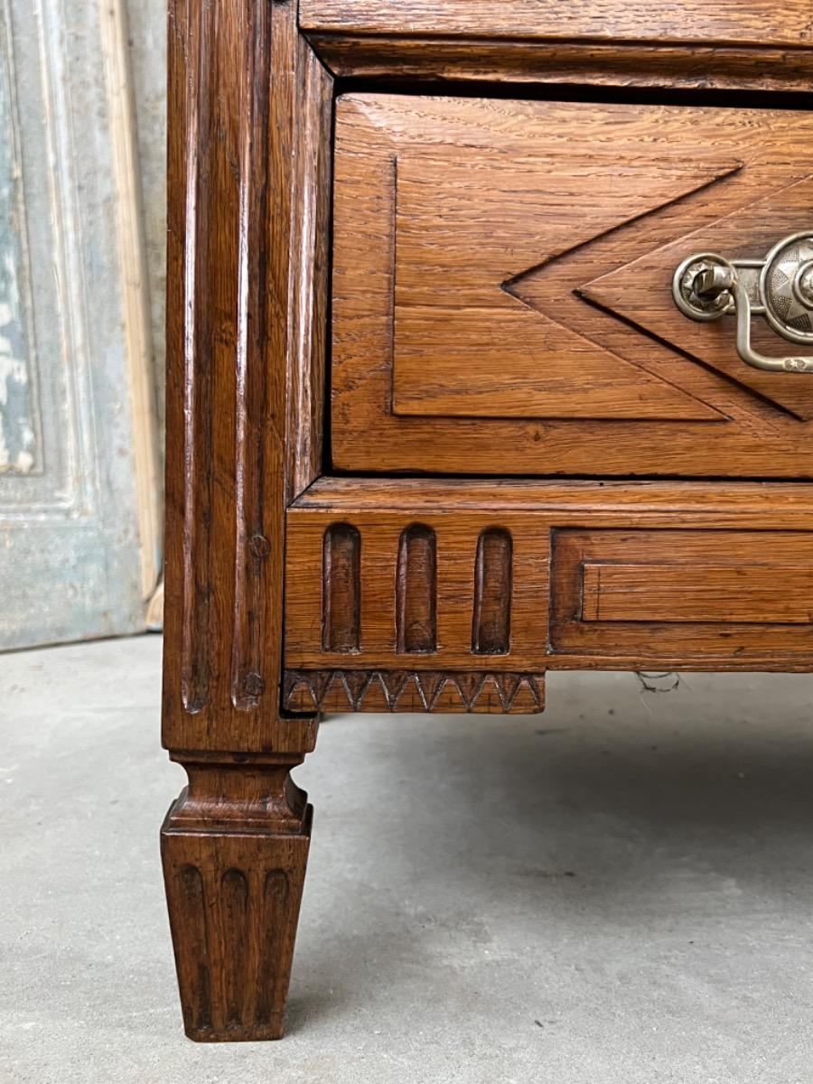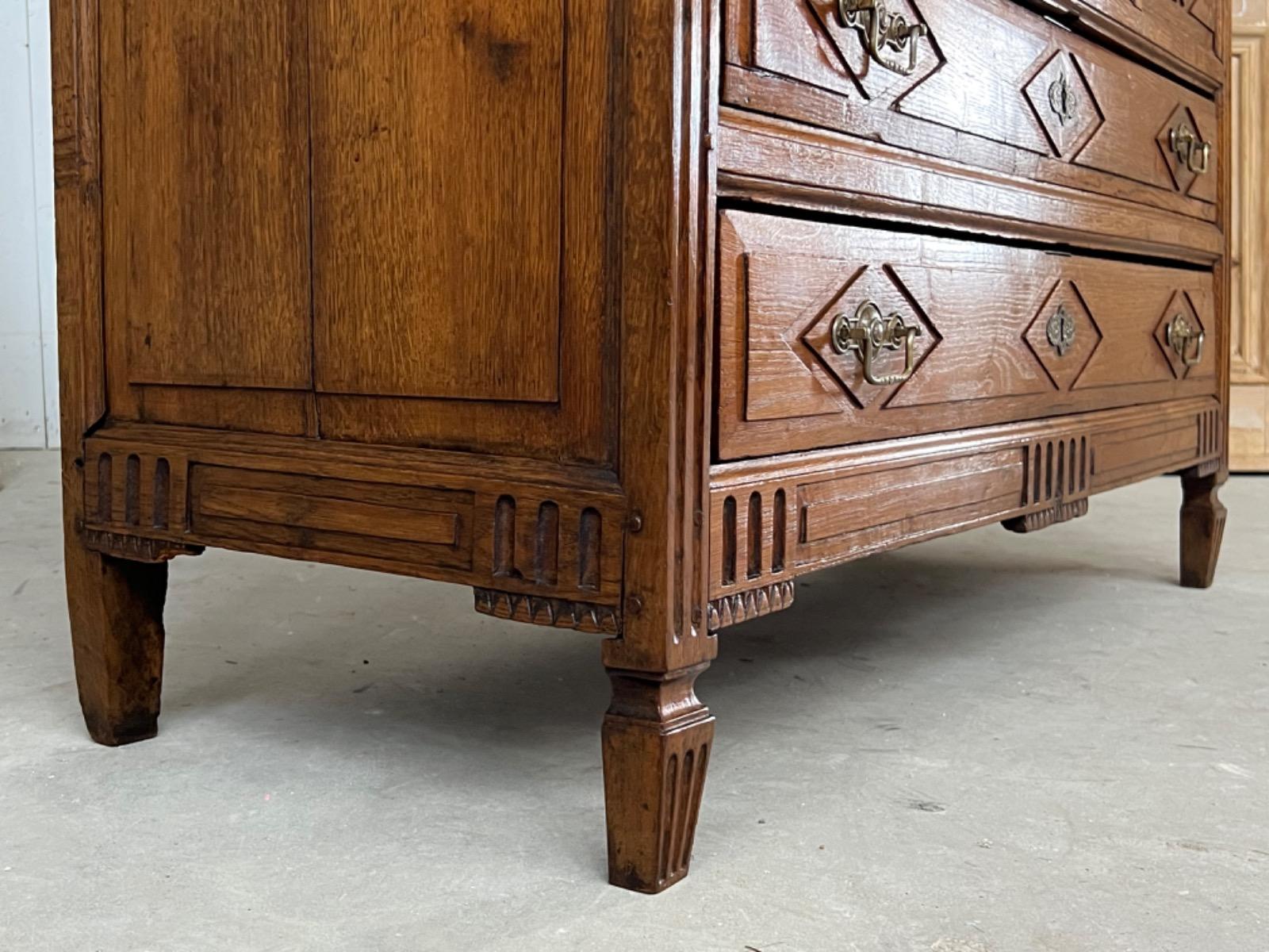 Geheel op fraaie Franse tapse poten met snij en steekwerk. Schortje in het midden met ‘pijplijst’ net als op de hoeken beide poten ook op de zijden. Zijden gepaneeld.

--

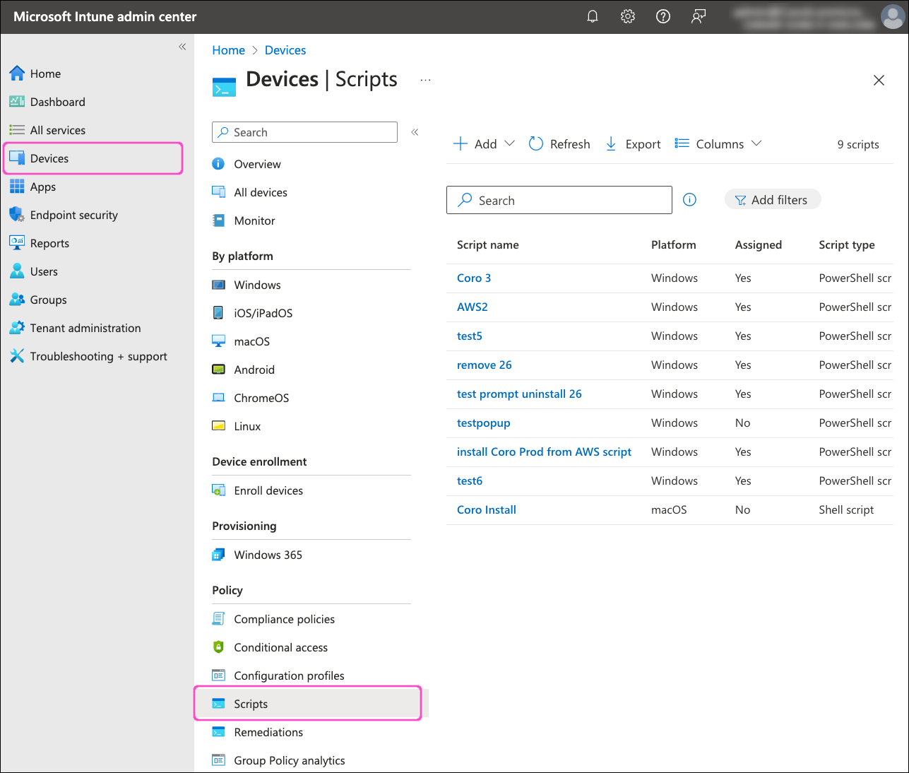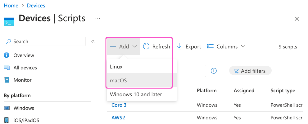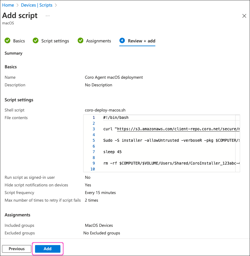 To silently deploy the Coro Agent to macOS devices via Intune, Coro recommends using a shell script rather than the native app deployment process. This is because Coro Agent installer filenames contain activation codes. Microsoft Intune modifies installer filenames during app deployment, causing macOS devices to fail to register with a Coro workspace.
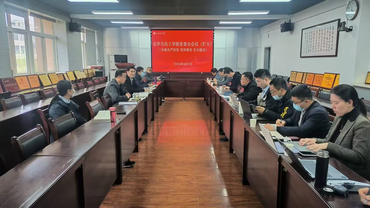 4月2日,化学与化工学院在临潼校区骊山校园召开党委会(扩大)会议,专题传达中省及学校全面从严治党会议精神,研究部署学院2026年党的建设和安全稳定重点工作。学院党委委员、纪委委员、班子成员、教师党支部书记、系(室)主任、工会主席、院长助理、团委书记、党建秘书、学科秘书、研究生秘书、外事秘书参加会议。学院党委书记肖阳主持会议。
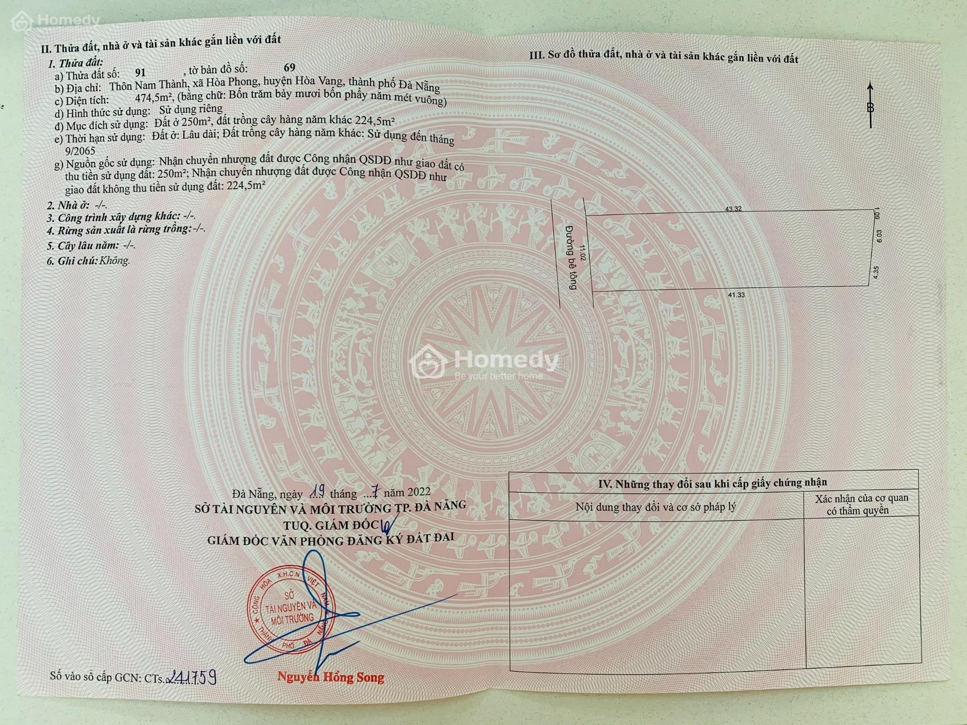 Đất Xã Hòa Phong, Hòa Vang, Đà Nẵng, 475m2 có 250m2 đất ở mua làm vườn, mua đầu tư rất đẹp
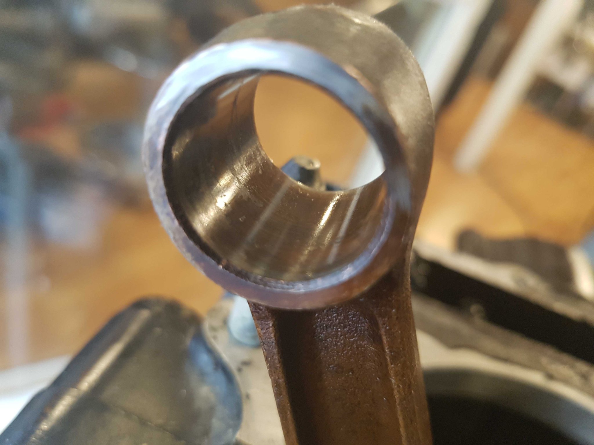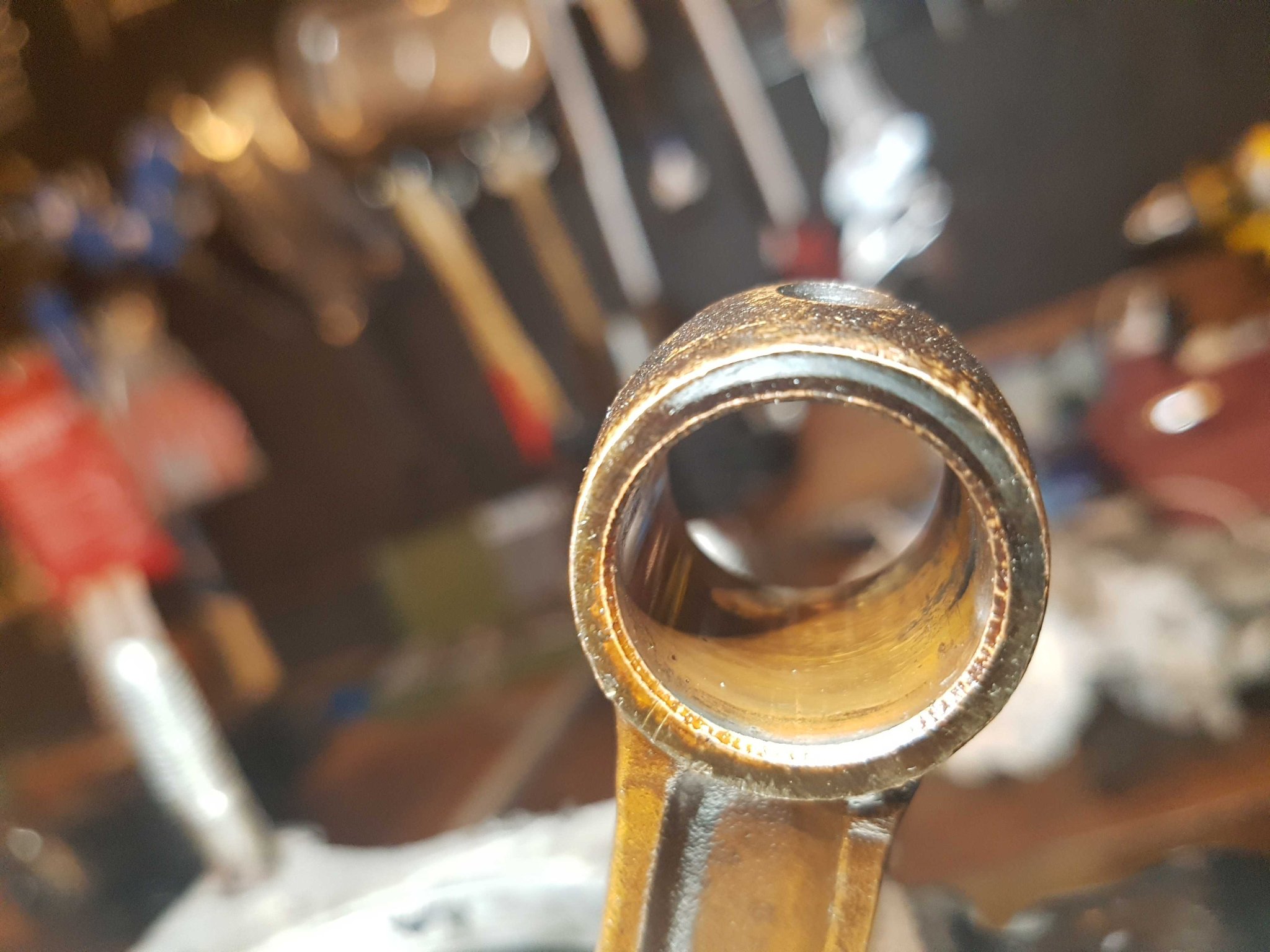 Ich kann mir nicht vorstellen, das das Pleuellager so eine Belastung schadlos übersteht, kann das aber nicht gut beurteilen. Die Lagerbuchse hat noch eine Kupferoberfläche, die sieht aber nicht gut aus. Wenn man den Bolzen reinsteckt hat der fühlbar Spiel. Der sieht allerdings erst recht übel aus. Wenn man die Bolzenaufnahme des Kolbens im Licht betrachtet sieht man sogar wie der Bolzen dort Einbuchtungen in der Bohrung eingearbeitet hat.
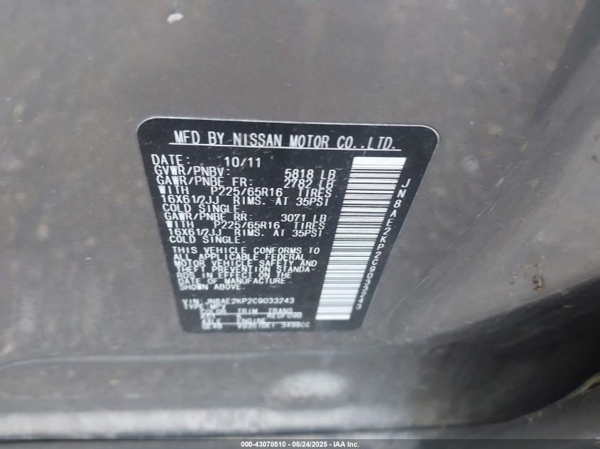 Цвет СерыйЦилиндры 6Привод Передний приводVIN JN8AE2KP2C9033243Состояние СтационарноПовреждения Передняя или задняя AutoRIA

==

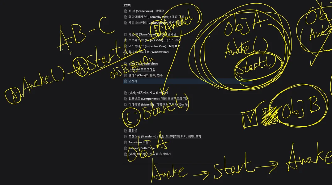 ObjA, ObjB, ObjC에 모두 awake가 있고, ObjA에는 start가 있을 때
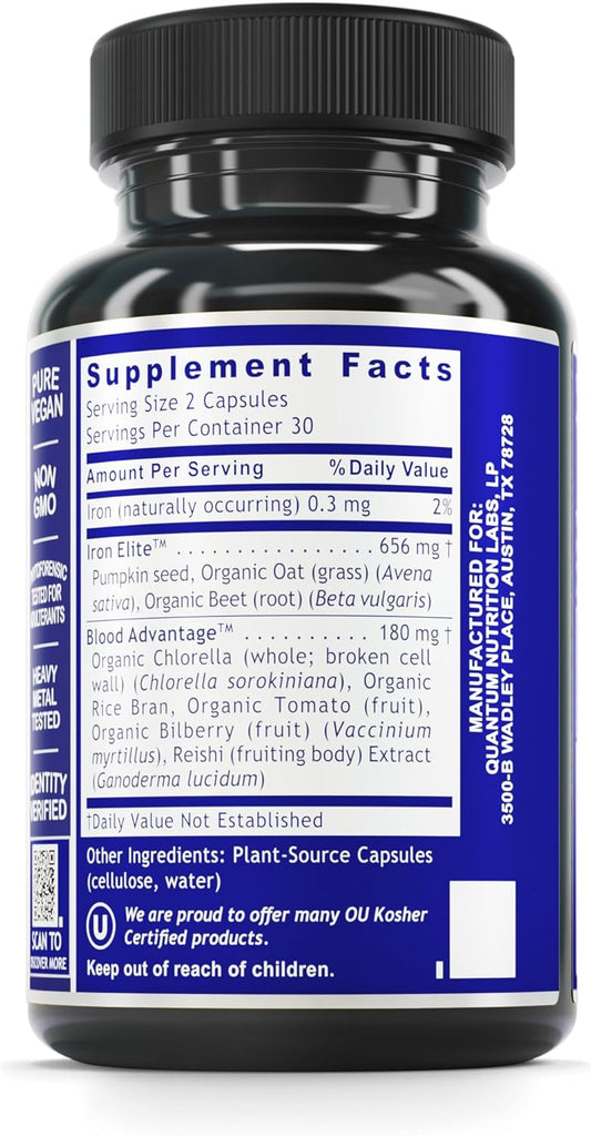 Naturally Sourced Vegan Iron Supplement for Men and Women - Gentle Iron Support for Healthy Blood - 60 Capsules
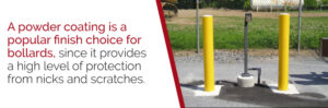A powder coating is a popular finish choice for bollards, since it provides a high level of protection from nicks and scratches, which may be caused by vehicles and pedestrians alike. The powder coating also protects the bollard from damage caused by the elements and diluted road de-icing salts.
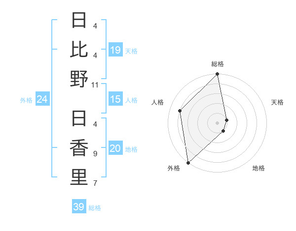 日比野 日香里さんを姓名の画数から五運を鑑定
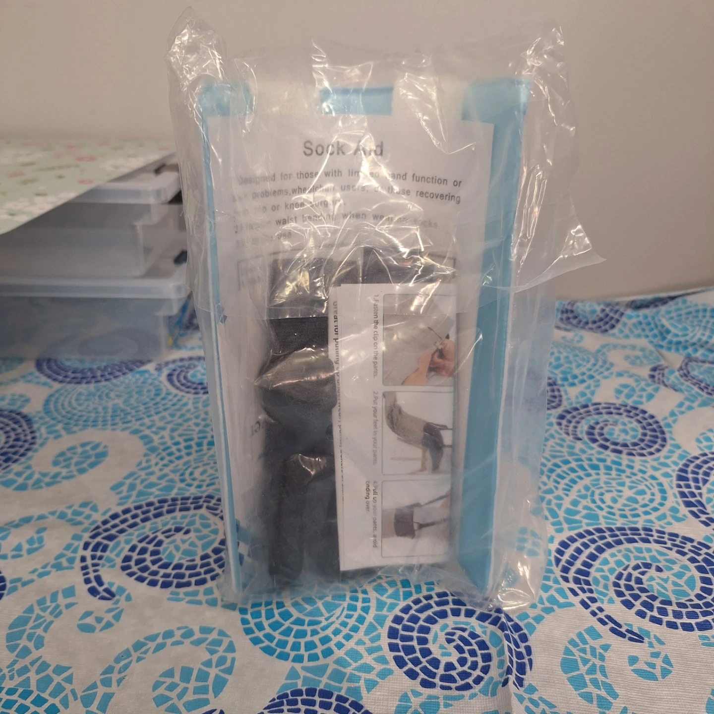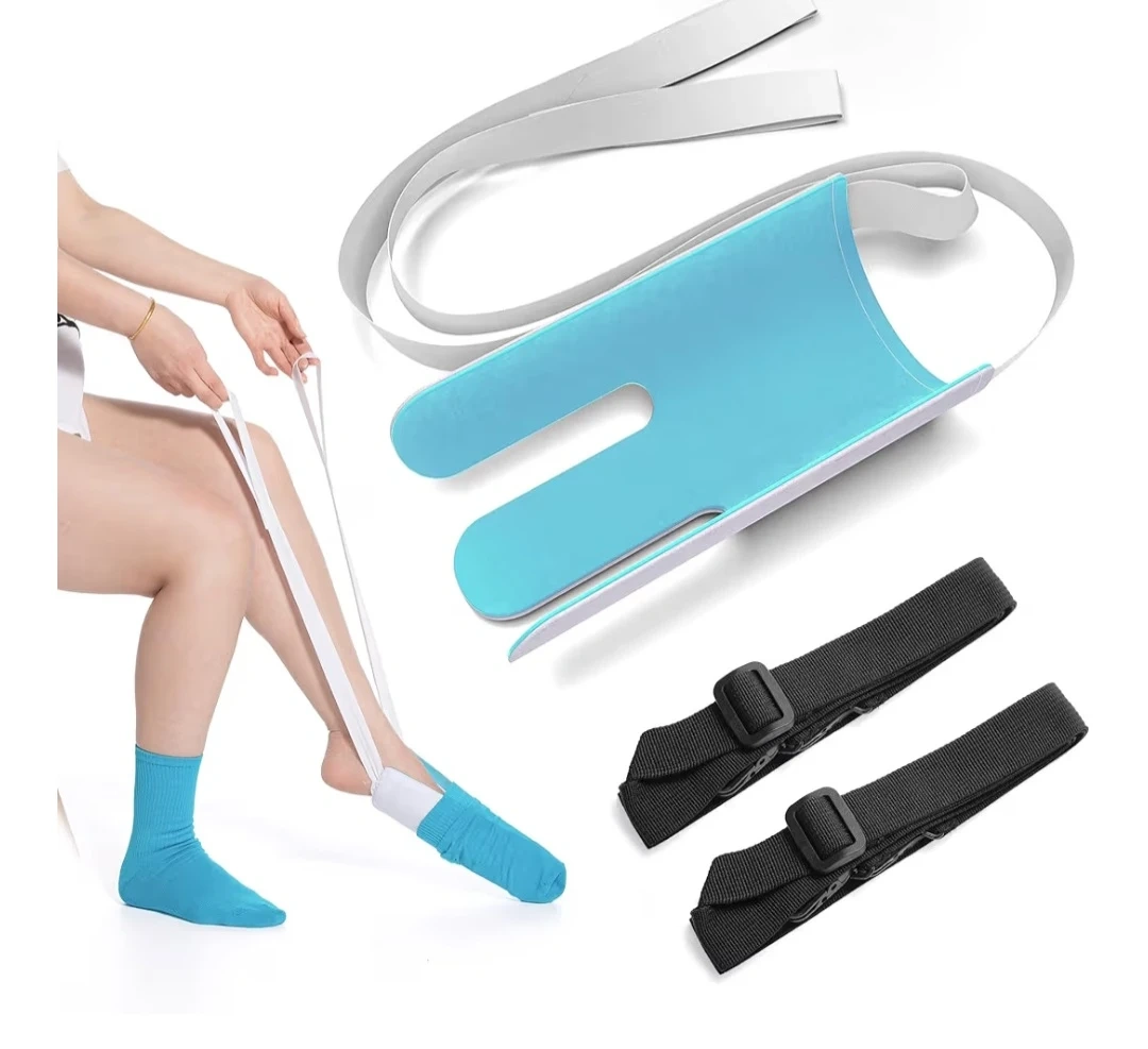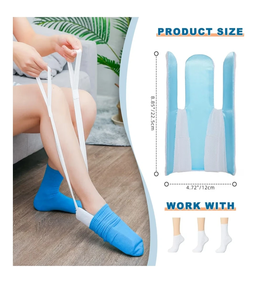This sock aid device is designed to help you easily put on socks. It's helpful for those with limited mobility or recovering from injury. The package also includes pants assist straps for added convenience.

● **Task prompt**: Transcribe exactly the lines above, beginning at the one with "日比野 日香里さんを姓名の画数から五運を鑑定" and going up to and including the one with "This sock aid". Pictures do not belong in the copy.

● **Answer to the exercise**:
 日比野 日香里さんを姓名の画数から五運を鑑定
This sock aid device is designed to help you easily put on socks. It's helpful for those with limited mobility or recovering from injury. The package also includes pants assist straps for added convenience.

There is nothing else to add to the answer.